# Looking for land in Washington State



## Hillbillybob (Jul 30, 2007)

I am looking for 3 to 5 acres of land in Northwest part of Washington State.
I would like complete camper hookups (sewer/septic, water, electrical). I may want to build later on the land. Not looking for house on property. Also want to make sure that I have complete right of easement to land. The closer to the boarder the better.
Hillbillybob


----------



## scgirl (Jan 25, 2005)

The border of what? The ocean, Canada, or Oregon? Lots of property here for sale if you can afford it. Very expensive, but some counties are much cheaper. North is probably the most expensive.


----------



## Hillbillybob (Jul 30, 2007)

Thinking about Eastern Washington State near the Canadian Boarder.
But will look at anything close to the Canadian Boarder.
Hillbillybob


----------



## Betho (Dec 27, 2006)

You looking for NE or NW WA? I'm confused...


----------



## Hillbillybob (Jul 30, 2007)

Betho said:


> You looking for NE or NW WA? I'm confused...

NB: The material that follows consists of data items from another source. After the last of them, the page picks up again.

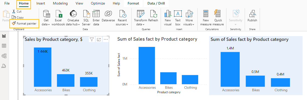 Некоторые параметры, такие как метки данных или формат заголовка, можно настроить по одним и тем же правилам для всех визуальных элементов или даже перенести форматирование, используя всего одну кнопку: при выделенном визуальном элементе на вкладке Главная верхней панели меню активируется кнопка Форматировать по образцу (Format painter) (рисунок 1-21); при ее нажатии и последующем клике на любой другой визуал на дашборде, к нему применяются все совместимые с ним настройки объекта, выделенного первым (рисунок 1-21 слева).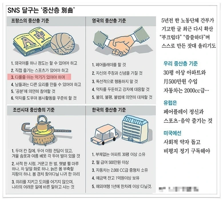 예전에 각 나라별 중산층의 기준이 화제가 됐었습니다. 다른 나라와는 달리 물질만능주의에 사로잡힌 한국의 실태를 적나라하게 꼬집는 아픈 내용이었죠.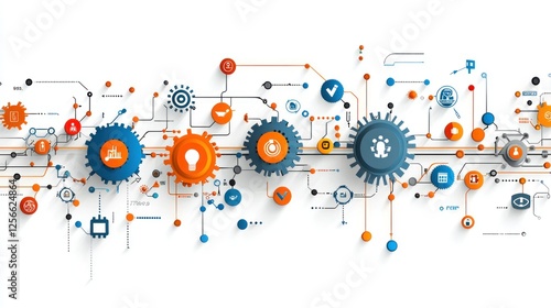 © Wiryo, Obraz premium Interconnected gears and icons representing a complex system, network, or process.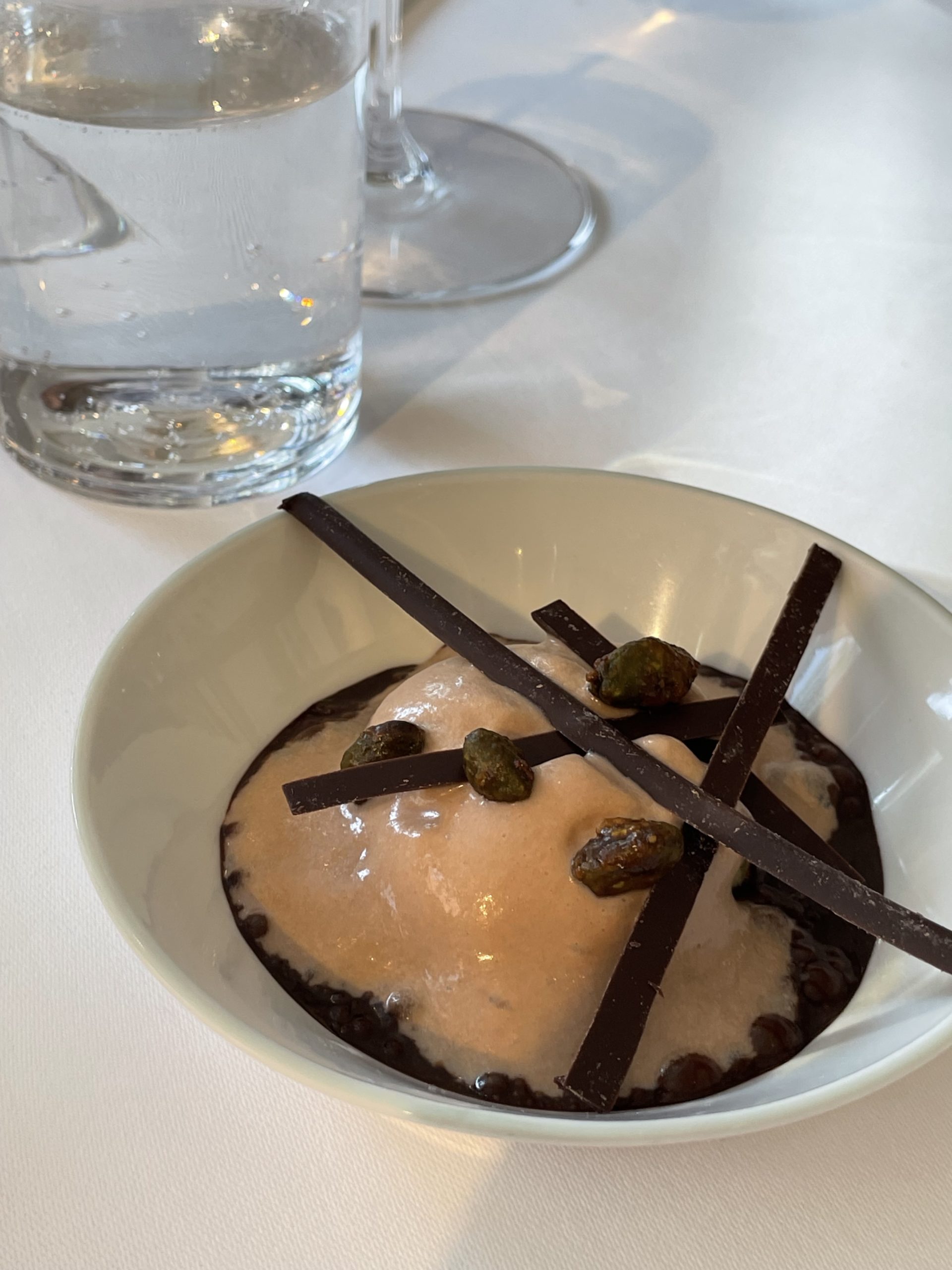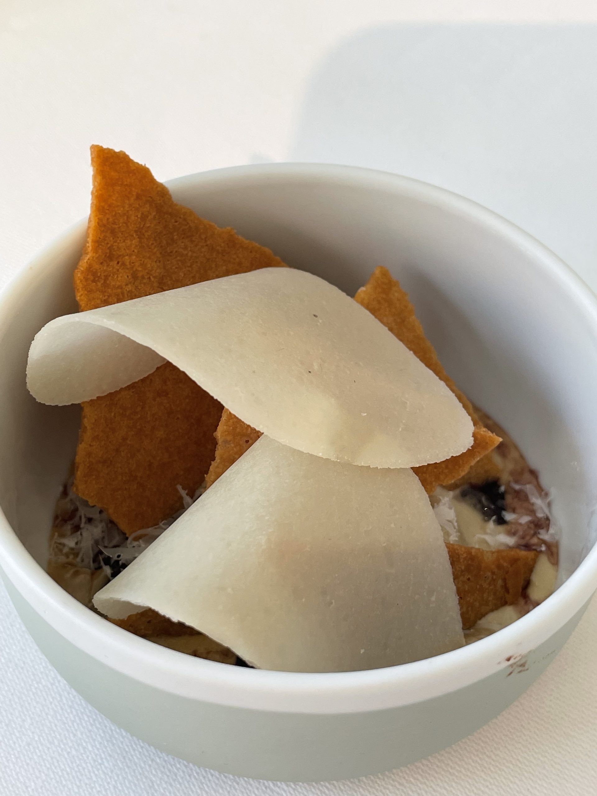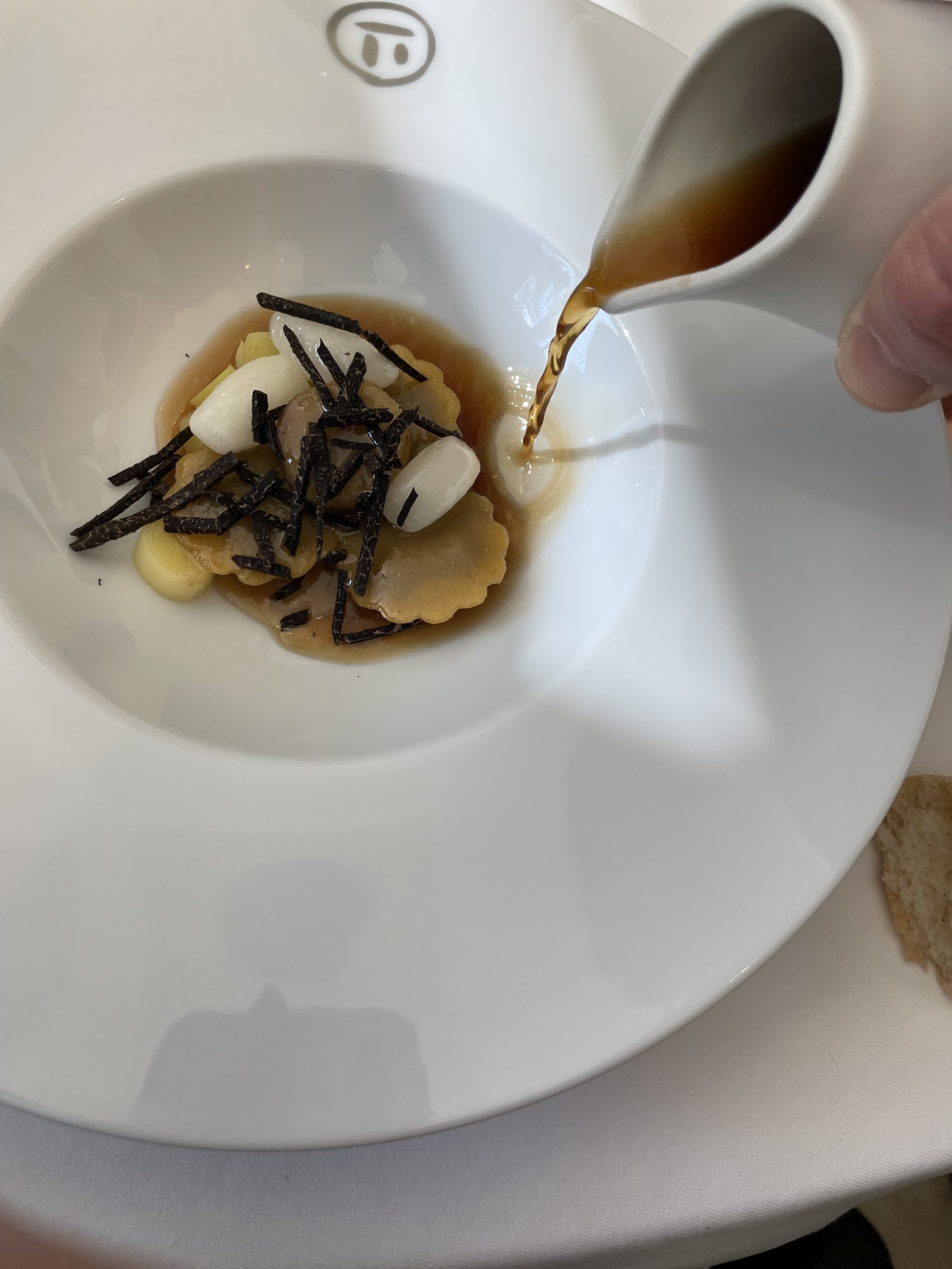 Cette première assiette diffuse son parfum, elle siège mise en scène par Pierre Gagnaire entre douceur et force, délicatesse et présence assumée. La truffe s’épanouit dans le bouillon, le consommé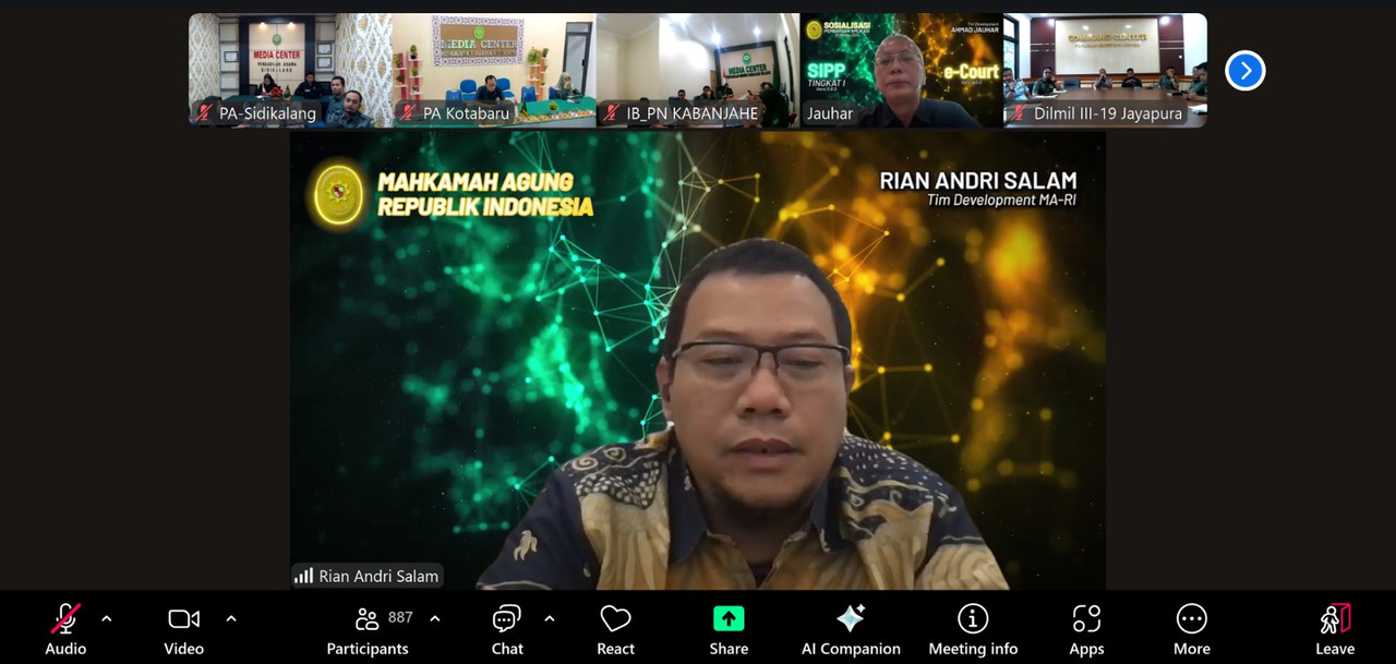 Zoom meeting tersebut merupakan sosialisasi kepada seluruh wilayah pengadilan tentang pembaruan aplikasi SIPP, Pembaruan aplikasi Sistem Informasi Penelusuran Perkara (SIPP) kembali diluncurkan di lingkungan peradilan sebagai upaya meningkatkan kualitas pelayanan dan transparansi informasi perkara. Selain itu, pembaruan ini juga memperkuat integrasi dengan aplikasi internal lainnya sehingga proses administrasi perkara menjadi lebih efisien dan minim kendala teknis. Dengan adanya peningkatan ini, diharapkan setiap satuan kerja pengadilan dapat memberikan layanan yang lebih responsif sekaligus memperkuat akuntabilitas publik di era digital.(TH)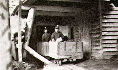 Mientras no se ve ninguna evidencia ferroviaria en la ilustración arriba, probablemente estaban carros mineros en la mina propia.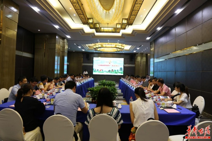 湖南省旅发委副主任尚斌出席推介会并致欢迎词,江西省旅发委副主任陈晓平则带来了宜春明月山、新余仙女湖、萍乡武功山等景区负责人分别进行了旅游资源的推介。
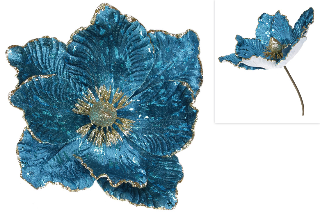 Декоративна квітка Магнолія 24см, колір - бірюзовий оксамит із золотом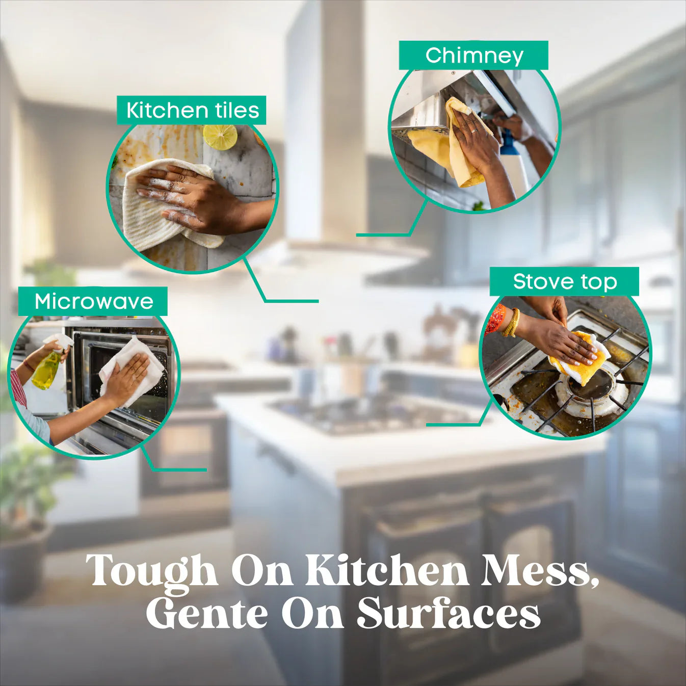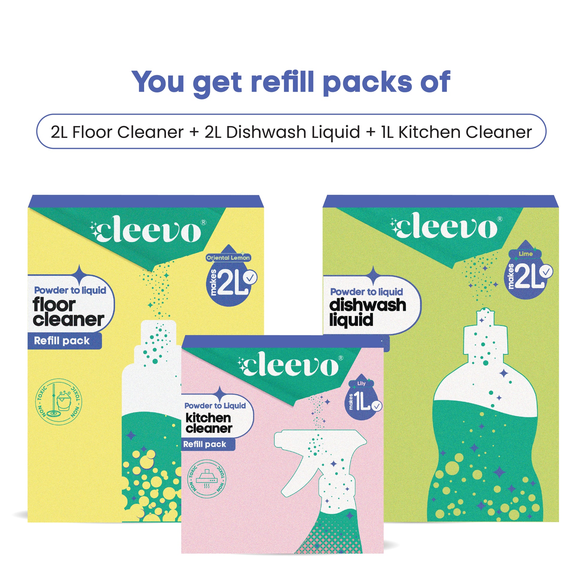 Get ready to save more and for a squeaky clean home with our Mega Saver Refill Pack! This all-in-one solution has got you covered for months. Inside, you'll find a powerful floor cleaner (2L), Dishwash liquid (2L), and Kitchen cleaner (1L), all made with carefully chosen non-toxic ingredients. Tough stains don't stand a chance against our expertly crafted formula, leaving your home looking and smelling fresh. Revive your floors with our special floor cleaner, and effortlessly tackle greasy kitchen tops, gas stove, chimney etc. And for sparkling clean dishes, don't forget our trusty dishwash liquid!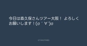青山英樹 @aoyama_hideki – 13:49・2014年5月10日 2014 5/10 青山英樹 2014-05-10 今日は森久保さんツアー大阪! よろしくお願いします!(σ´∀`)σ Source:https://x.com/aoyama_hideki/status/464990703861... text X Post 青山英樹 青山英樹 この記事が気に入ったら フォローしてね! Follow @OtokoTimes1988 よかったらシェアしてね! URLをコピーしました! 寺岡呼人 @yohito_teraoka - 19:16・2014年5月9日 青山英樹 @aoyama_hideki - 21:30・2014年5月10日 関連記事 Artist 青山英樹 1986.08.29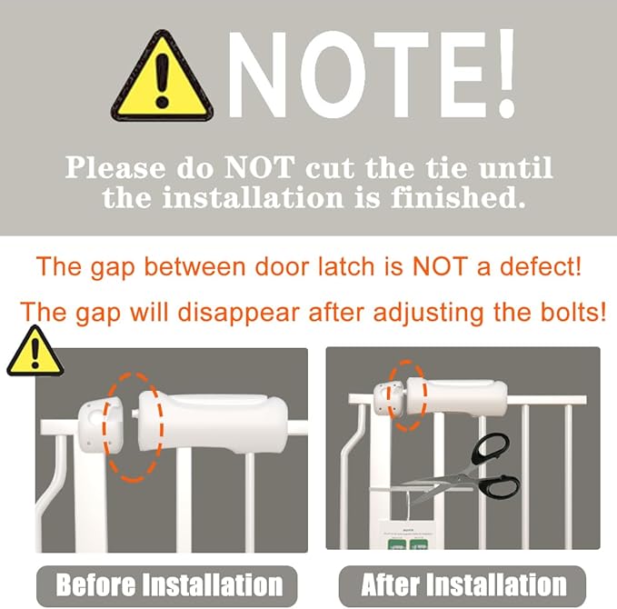 • EASY INSTALLATION: Pressure mounted gate is quick to set up and uninstall in 5 minutes without additional hardware or tools. 4 spindle rods let you adjust top and bottom independently. NOTE: a gap between the gate latch and the frame is NOT a defect NOR bent. Please do not cut the elastic rope until the gate lines up with the latch successfully and becomes secure
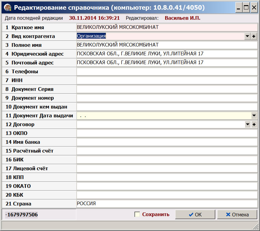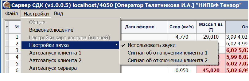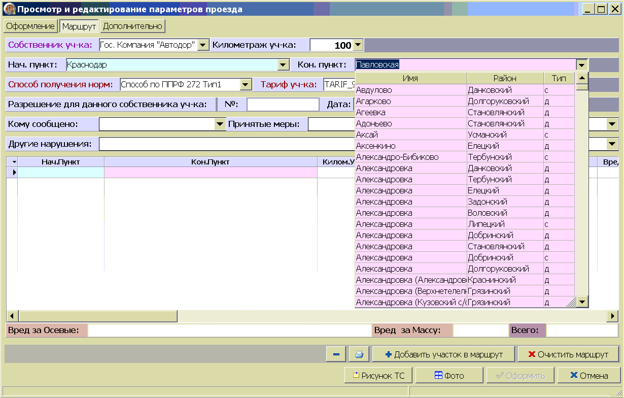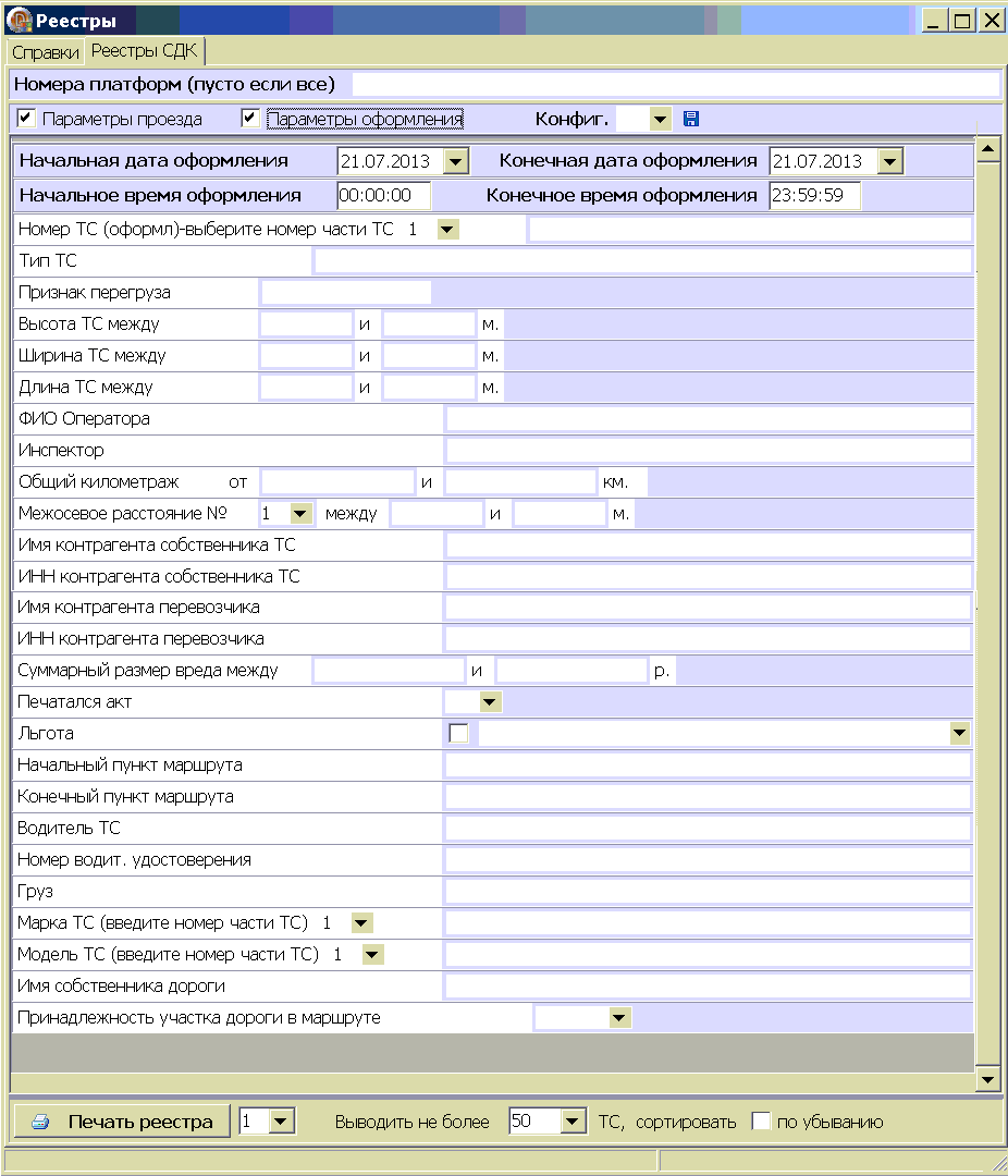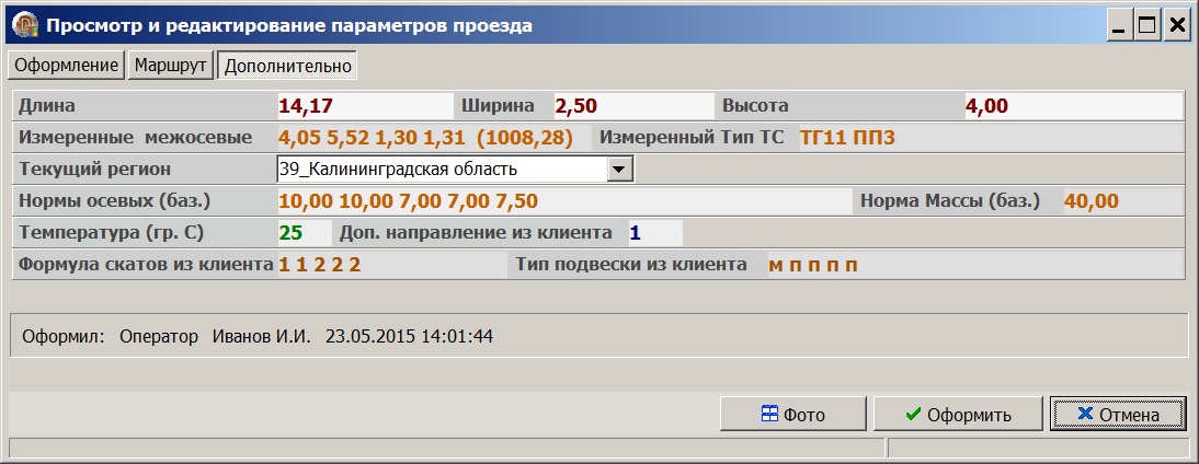 - ввод оператором сопутствующей информации о ТС, отображение на экране ПК сохраненных данных с визуальным отделением данных, полученных из Клиента;

anywhere along the boarder but would like from central to East side of the state. I'm not really picky.
Hillbillybob


----------



## Hillbillybob (Jul 30, 2007)

I just don't seem to be able to find anything in the Northwest side of the state that I think is worth the money. Either it's just a lot or 20 or more acres. I'm still looking for land anywhere along the Washington/Canadian boarder. 
Don't want much more than 5 acres but willing to look at land up to 10 acres.
I would also like the land to face South and have running water on it.
Got a small non working gold claim? Let me know if it is close to the boarder.

Hillbillybob


----------